*TASK GOAL*:
Take the line containing "Spanish: From Beginner" and each line after it through the end of the data below, and return them exactly, minus any pictures.
━━━━━ THE DATA
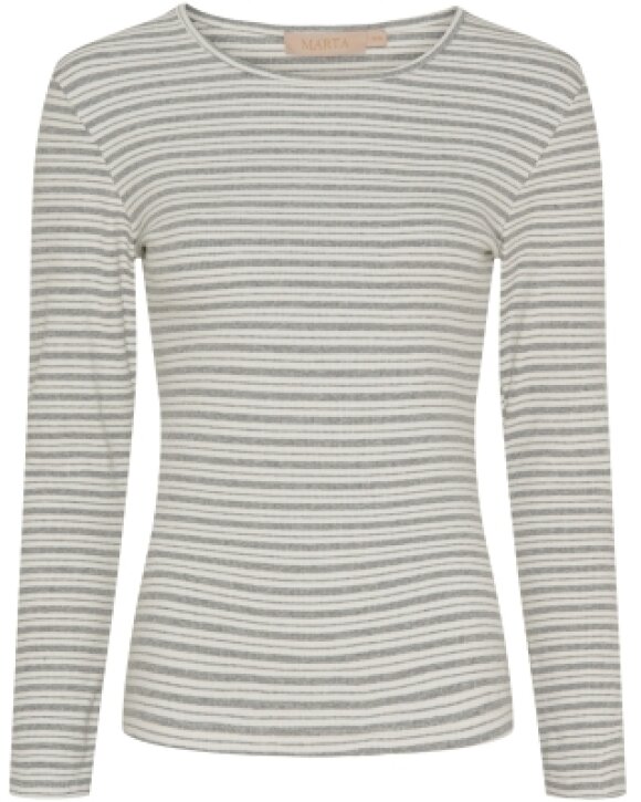 T-shirt 6452 fra Marta Du Chateau creme med grå striber. T-shirt'en har rund hals og lange ærmer. Modellen her, fungere fint for sig selv, men også god under skjorter, strik eller kjoler.
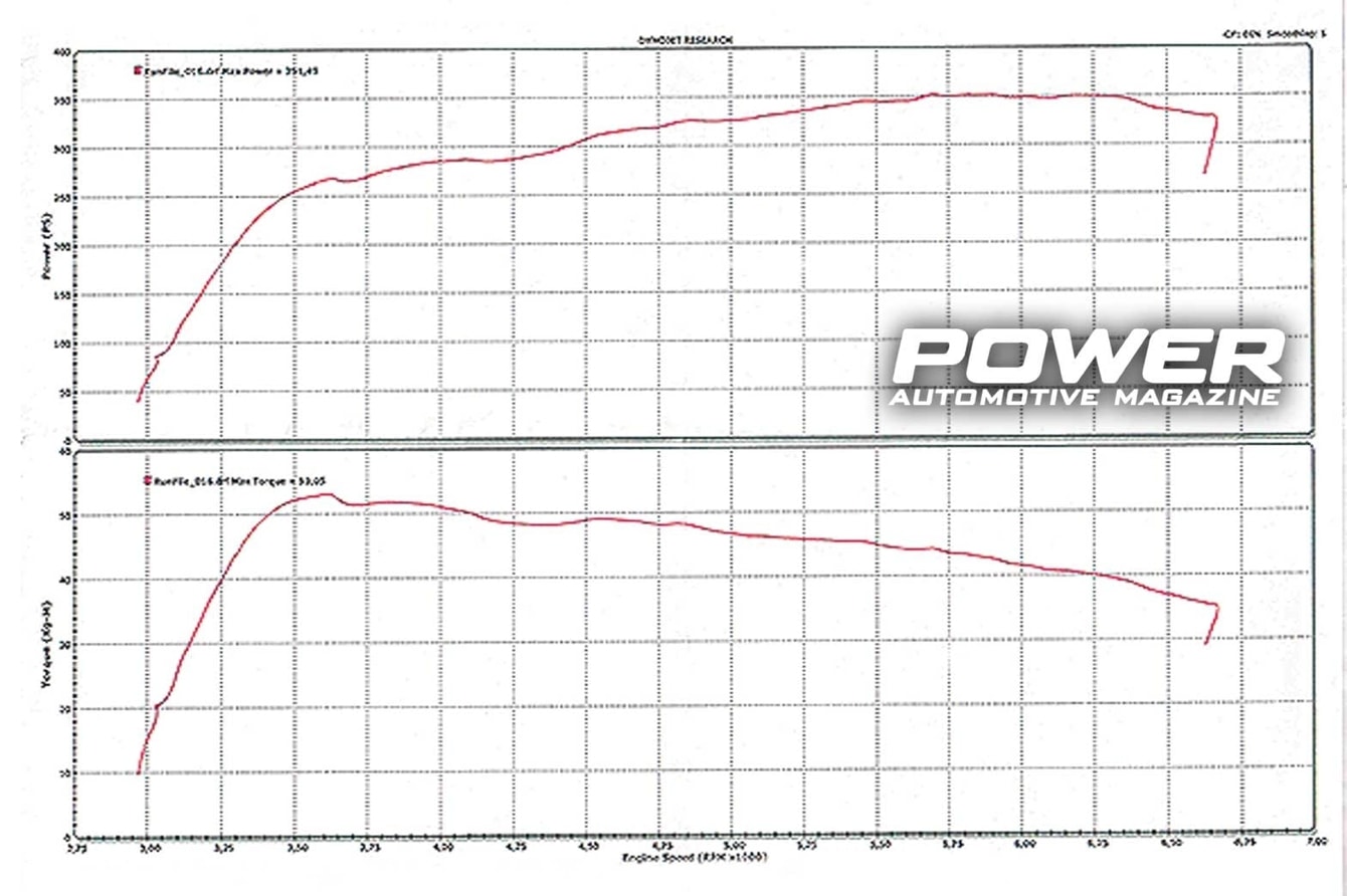 | ΔΙΑΓΡΑΜΜΑ ΔΥΝΑΜΟΜΕΤΡΗΣΗΣ Η δυναμομέτρηση πραγματοποιήθηκε στο δυναμόμετρο Maha LPS3000 της Unlimited Exelixis Μέγιστη ισχύς (Ps/rpm) 502,3/7.485 Μέγιστη ροπή (kgm/rpm) 50,25/6.545 |
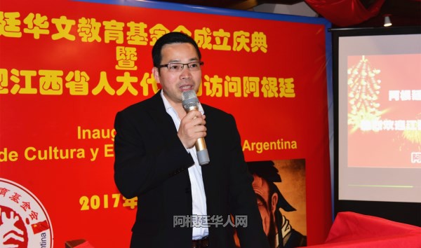 刘芳勇继续说道:“我愿与各位仁人志士,各位鸿儒贤达一起,为阿根廷的华文教育事业贡献我们的爱心和力量;为中华文化的弘扬与发展贡献我们的爱心与力量;为中华民族的伟大复兴,贡献我们的爱心与力量。”
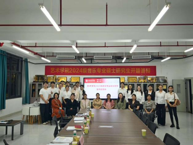 2025年12月3日下午,海南热带海洋学院艺术学院于艺术楼301会议室,举办了2024级音乐硕士研究生学位论文开题答辩会。本次答辩于下午14:30准时开始,历经六个小时,于20:30结束。开题答辩评委会由王丽伟教授担任评委主席,成员郑红教授、蔡华明教授、刘莉莉教授、申慧磊副教授、黄婷副教授、韩沙霖副教授组成。艺术学院党总支黄丽华书记莅临现场关怀。音乐硕士全体导师和2025级音乐硕士研究生到场观摩。答辩会由蔡华明教授主持。
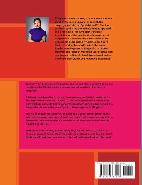 Spanish: From Beginner to Bilingual, Level 2A is part of a series of 10 books and constitutes the fifth step on your journey towards mastering the Spanish language. You will engage in the discovery of direct and indirect object pronouns, the informal command form, uses of "por" and "para" and when to use pretérito vs. imperfecto. After you master the contents of this book, you will be ready to advance to Level 2B. Whether you are a young student trying to grasp the basics of Spanish at school or an adult trying to learn Spanish, the explanation and tips provided in this book will guide you in a new way. You will get inspired to keep learning!
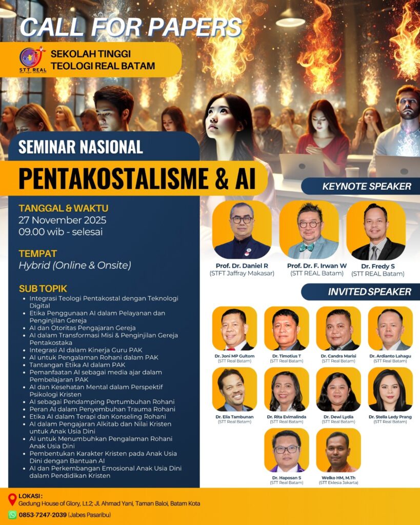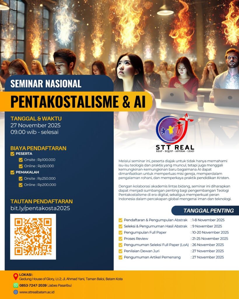 Mari bergabung dalam dialog akademik lintas bidang yang menggali keterkaitan antara teologi Pentakostal dan kecerdasan buatan (AI), menyoroti peluang, tantangan, dan transformasi rohani di era digital.
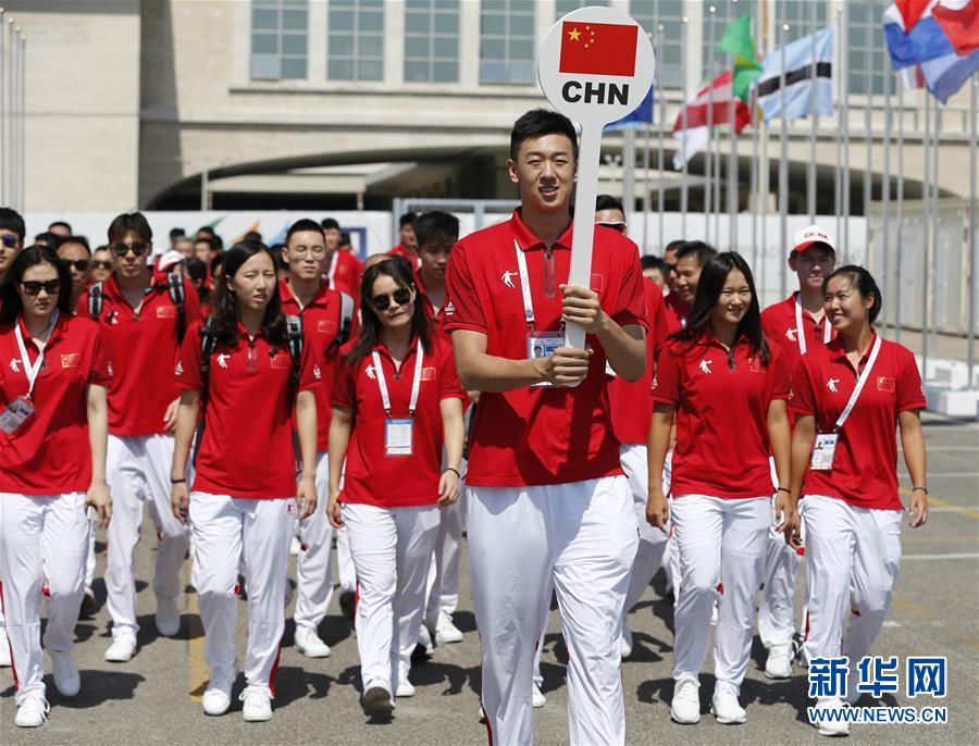 7月3日,中国大学生体育代表团成员代表步入升旗广场。 当日,参加第30届世界大学生运动会的中国大学生体育代表团部分成员在那不勒斯海港升旗广场举行升旗仪式。 新华社记者 孟永民 摄
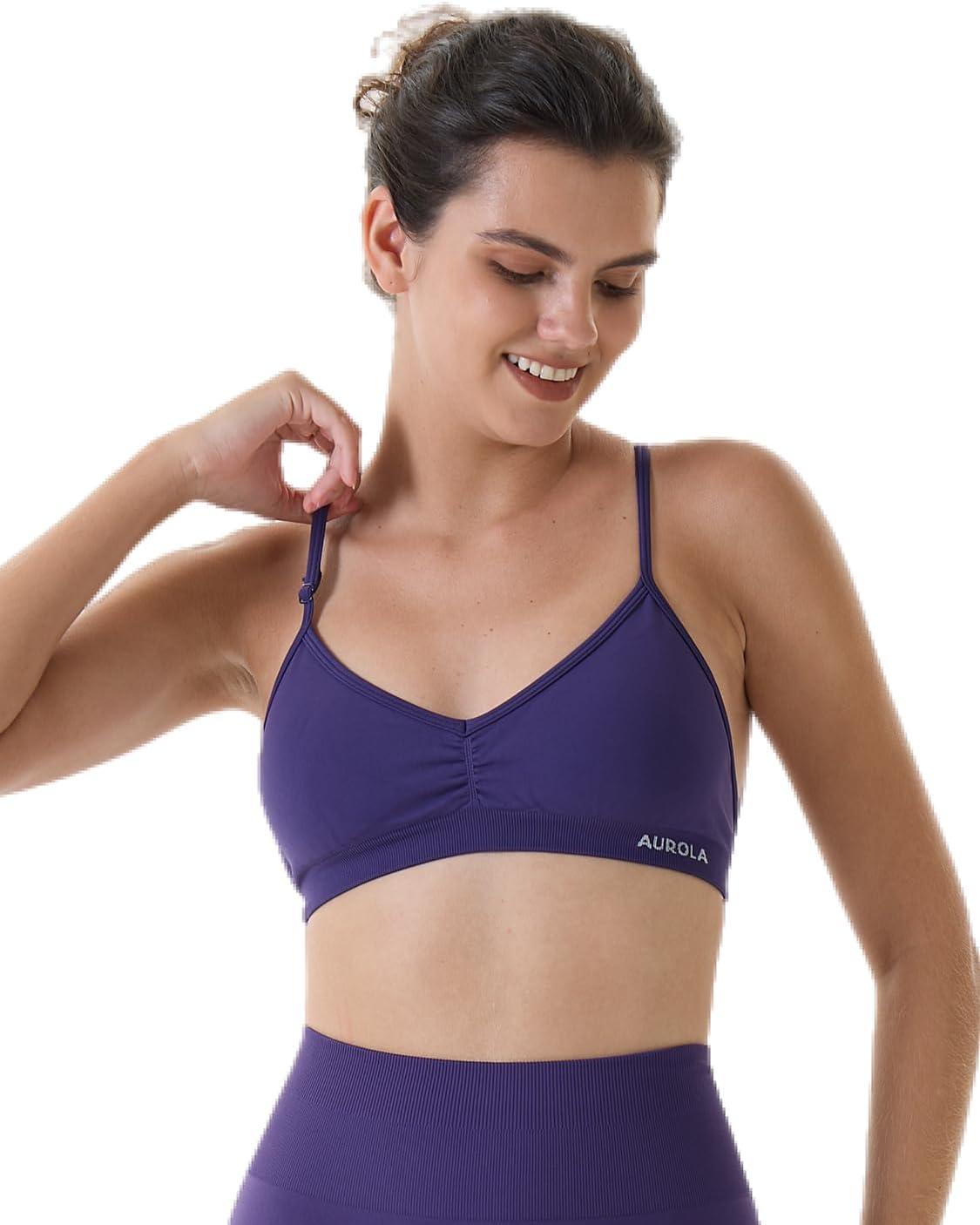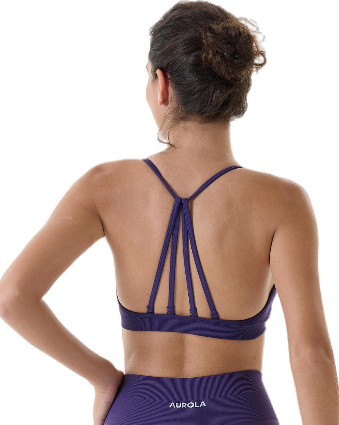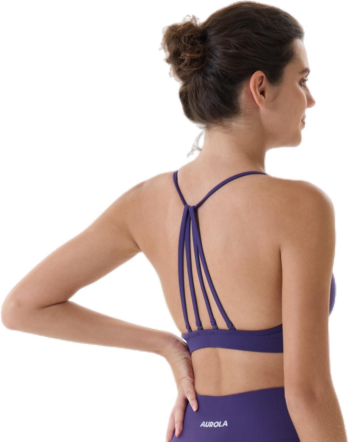 AUROLA Influence Longline Strappy Workout Halter Tops for Women,Removable Cups Padded Bras Impact Gym Yoga Sleeveless Top(Jacaranda)
━━━━━━━━━━
*YOUR SOLUTION*:
 Spanish: From Beginner to Bilingual, Level 2A is part of a series of 10 books and constitutes the fifth step on your journey towards mastering the Spanish language. You will engage in the discovery of direct and indirect object pronouns, the informal command form, uses of "por" and "para" and when to use pretérito vs. imperfecto. After you master the contents of this book, you will be ready to advance to Level 2B. Whether you are a young student trying to grasp the basics of Spanish at school or an adult trying to learn Spanish, the explanation and tips provided in this book will guide you in a new way. You will get inspired to keep learning!
 Mari bergabung dalam dialog akademik lintas bidang yang menggali keterkaitan antara teologi Pentakostal dan kecerdasan buatan (AI), menyoroti peluang, tantangan, dan transformasi rohani di era digital.
 7月3日,中国大学生体育代表团成员代表步入升旗广场。 当日,参加第30届世界大学生运动会的中国大学生体育代表团部分成员在那不勒斯海港升旗广场举行升旗仪式。 新华社记者 孟永民 摄
 AUROLA Influence Longline Strappy Workout Halter Tops for Women,Removable Cups Padded Bras Impact Gym Yoga Sleeveless Top(Jacaranda)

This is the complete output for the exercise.